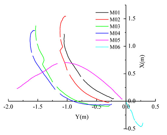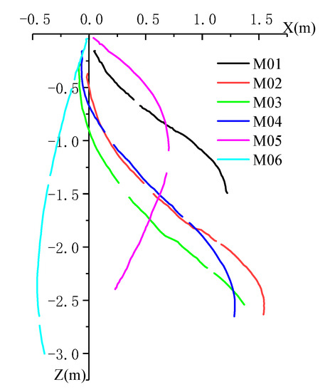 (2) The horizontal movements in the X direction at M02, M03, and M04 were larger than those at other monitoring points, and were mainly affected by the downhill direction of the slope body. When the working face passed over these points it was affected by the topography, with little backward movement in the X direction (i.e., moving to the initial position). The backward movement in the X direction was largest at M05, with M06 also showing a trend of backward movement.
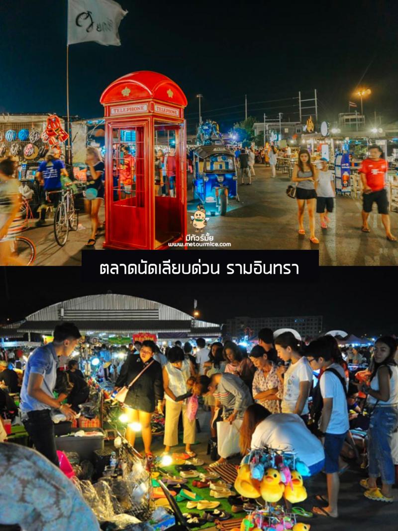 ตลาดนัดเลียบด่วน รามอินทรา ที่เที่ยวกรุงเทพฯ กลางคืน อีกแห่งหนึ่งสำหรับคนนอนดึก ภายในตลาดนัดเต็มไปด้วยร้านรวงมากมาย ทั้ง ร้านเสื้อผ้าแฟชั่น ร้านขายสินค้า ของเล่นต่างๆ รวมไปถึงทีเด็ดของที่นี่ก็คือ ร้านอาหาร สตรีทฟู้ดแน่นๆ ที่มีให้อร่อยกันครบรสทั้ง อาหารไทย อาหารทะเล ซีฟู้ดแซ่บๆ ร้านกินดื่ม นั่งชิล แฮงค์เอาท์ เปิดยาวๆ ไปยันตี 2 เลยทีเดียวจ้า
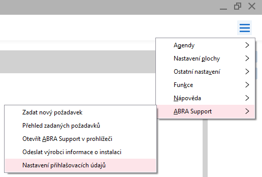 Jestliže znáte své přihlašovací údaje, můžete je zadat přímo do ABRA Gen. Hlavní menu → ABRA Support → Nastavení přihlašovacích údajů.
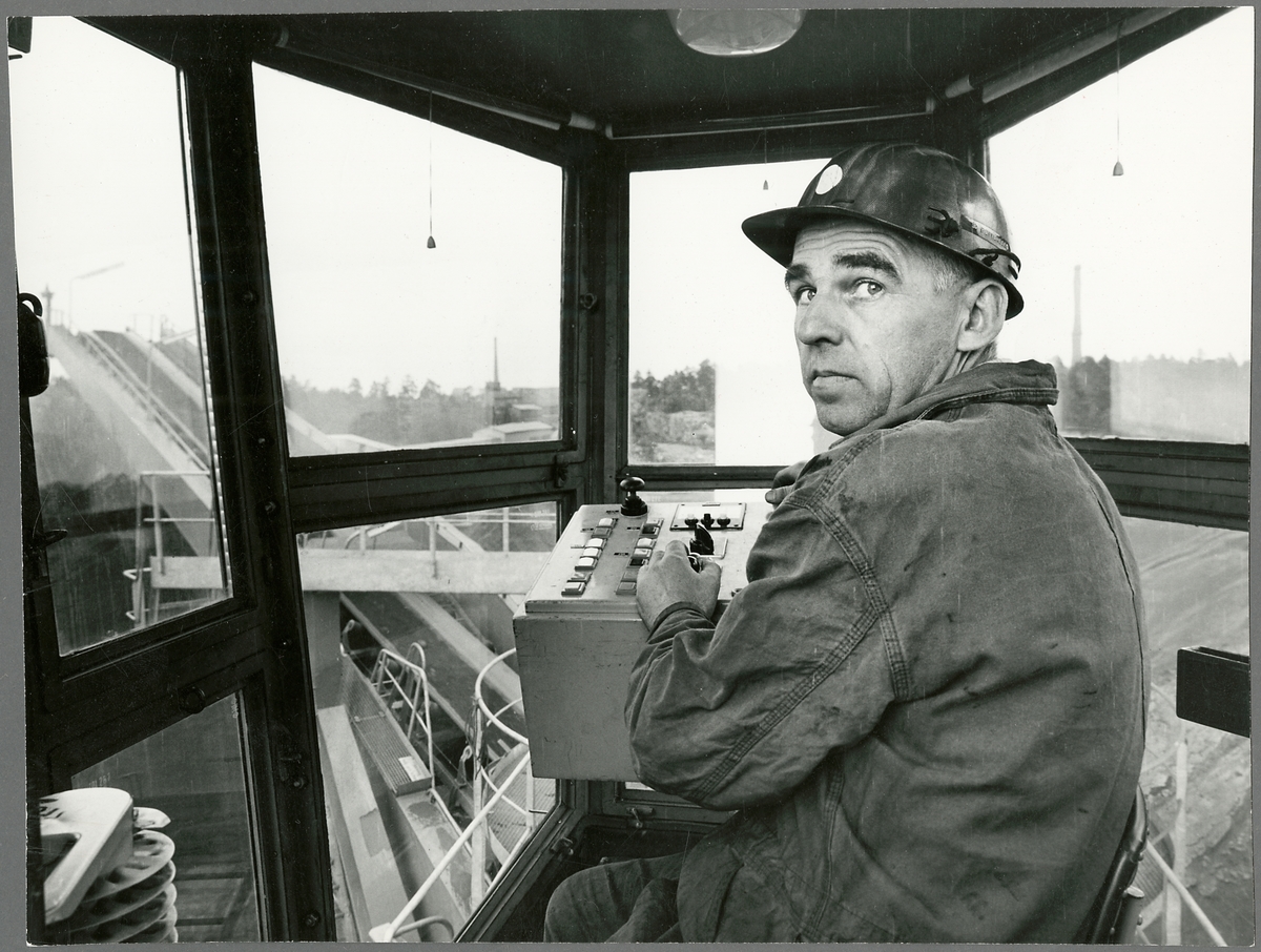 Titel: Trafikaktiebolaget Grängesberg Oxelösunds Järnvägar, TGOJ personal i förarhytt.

________________________

EXERCISE DETAILS >> Write out exactly the lines above, from the very first through the line containing "Jestliže znáte své", both kept, with the pictures removed.

RESPONSE AREA >>
 (2) The horizontal movements in the X direction at M02, M03, and M04 were larger than those at other monitoring points, and were mainly affected by the downhill direction of the slope body. When the working face passed over these points it was affected by the topography, with little backward movement in the X direction (i.e., moving to the initial position). The backward movement in the X direction was largest at M05, with M06 also showing a trend of backward movement.
 ตลาดนัดเลียบด่วน รามอินทรา ที่เที่ยวกรุงเทพฯ กลางคืน อีกแห่งหนึ่งสำหรับคนนอนดึก ภายในตลาดนัดเต็มไปด้วยร้านรวงมากมาย ทั้ง ร้านเสื้อผ้าแฟชั่น ร้านขายสินค้า ของเล่นต่างๆ รวมไปถึงทีเด็ดของที่นี่ก็คือ ร้านอาหาร สตรีทฟู้ดแน่นๆ ที่มีให้อร่อยกันครบรสทั้ง อาหารไทย อาหารทะเล ซีฟู้ดแซ่บๆ ร้านกินดื่ม นั่งชิล แฮงค์เอาท์ เปิดยาวๆ ไปยันตี 2 เลยทีเดียวจ้า
 Jestliže znáte své přihlašovací údaje, můžete je zadat přímo do ABRA Gen. Hlavní menu → ABRA Support → Nastavení přihlašovacích údajů.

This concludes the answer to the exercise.